Exercise goal: Set down, exactly as written, the line containing "Coloring page for" and all the lines that follow it to the end of the entries below, omitting every picture.

Collected data entries
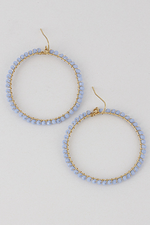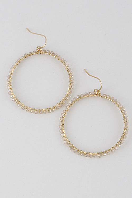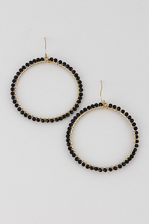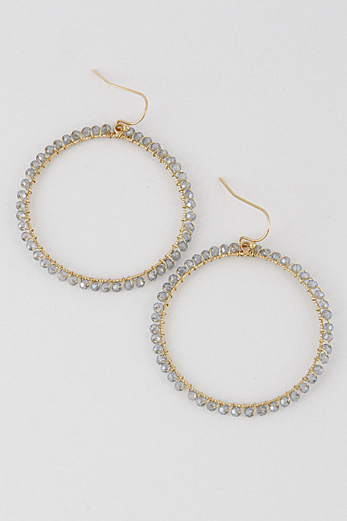 - * Cute Thin Round Earrings with Beaded Stones 7BBA4 * 1.8 X 2.2" approx.
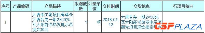大唐庫爾勒項目籌建處大唐若羌一期2×50兆瓦太陽能光熱發電示范測光項目詢價采購詢價結果公告
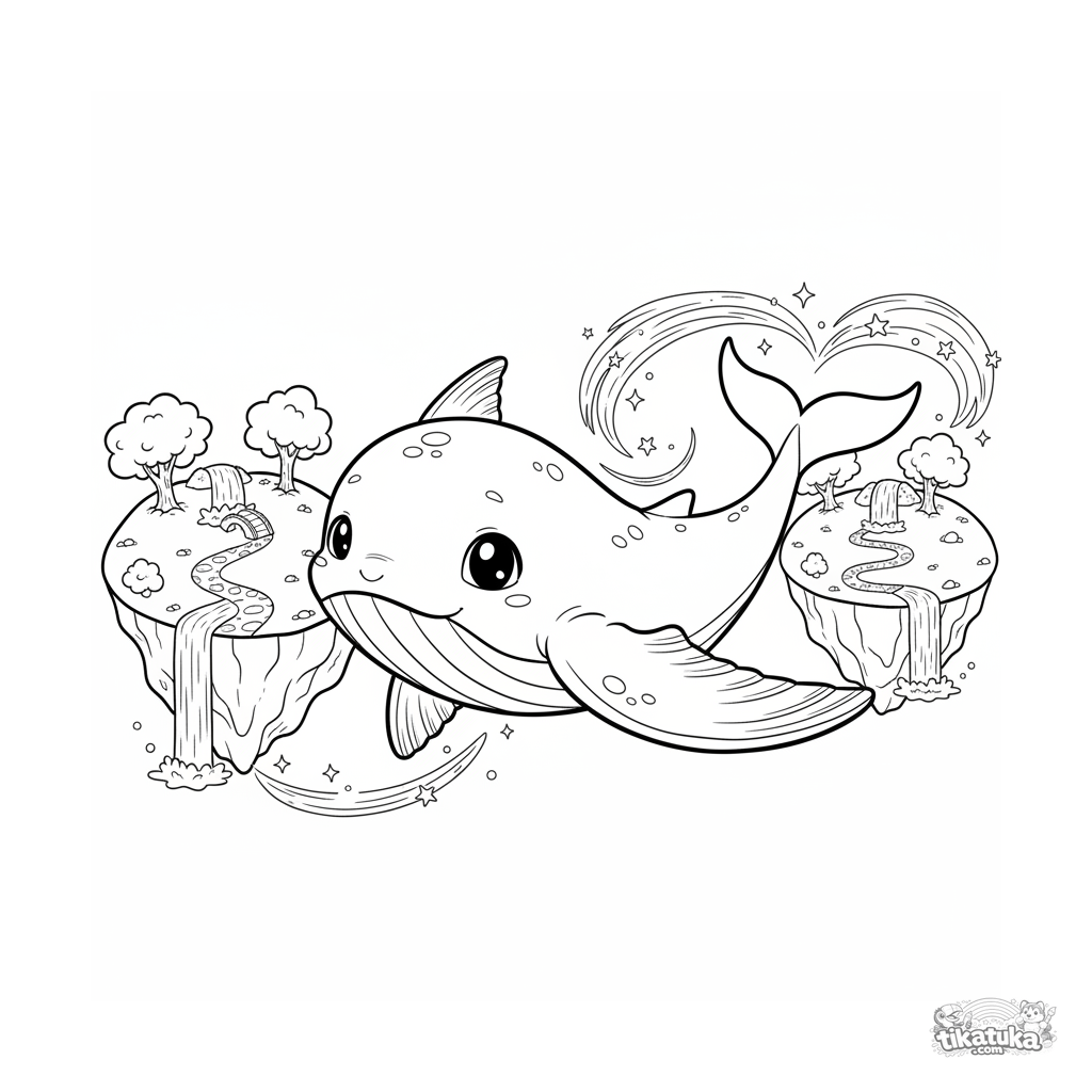 Coloring page for tweens 7-9: a sky whale calf swims among floating islands in the clouds. Magical flight and exploration scene, expressive eyes, wide margins.
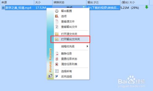 鼠標右鍵點擊視頻任務(wù),選擇打開輸出文件夾,我們就能找到壓縮的視頻文件。
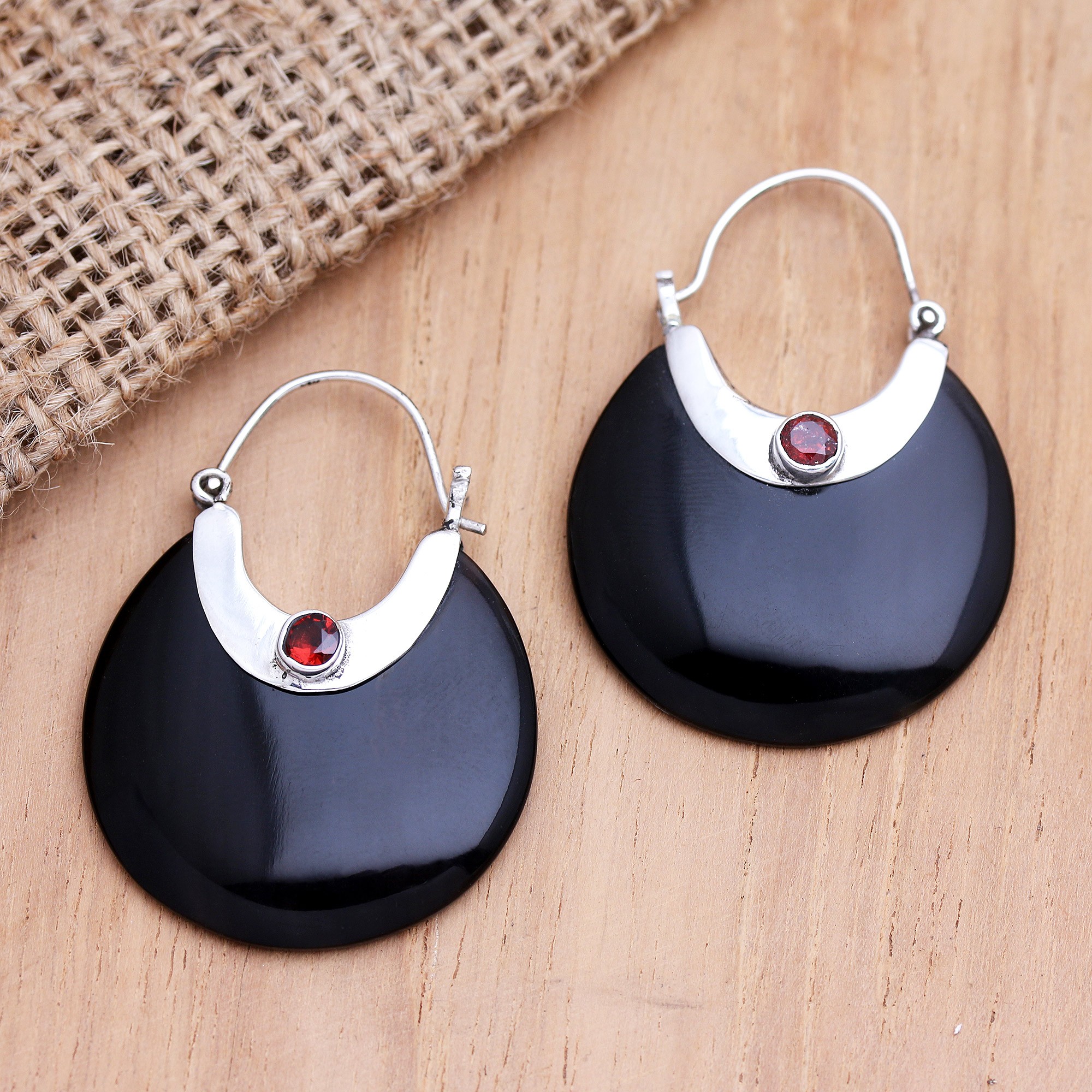 Shaped like mini handbags, Ayu Ary's adorable earrings don't skimp on the elegance, either. The Balinese artisan hand carves the glossy black earrings from natural bone, embellishing her creation with sterling silver accents and faceted garnet gems in bezel settings.

Result:
 Coloring page for tweens 7-9: a sky whale calf swims among floating islands in the clouds. Magical flight and exploration scene, expressive eyes, wide margins.
 鼠標右鍵點擊視頻任務(wù),選擇打開輸出文件夾,我們就能找到壓縮的視頻文件。
 Shaped like mini handbags, Ayu Ary's adorable earrings don't skimp on the elegance, either. The Balinese artisan hand carves the glossy black earrings from natural bone, embellishing her creation with sterling silver accents and faceted garnet gems in bezel settings.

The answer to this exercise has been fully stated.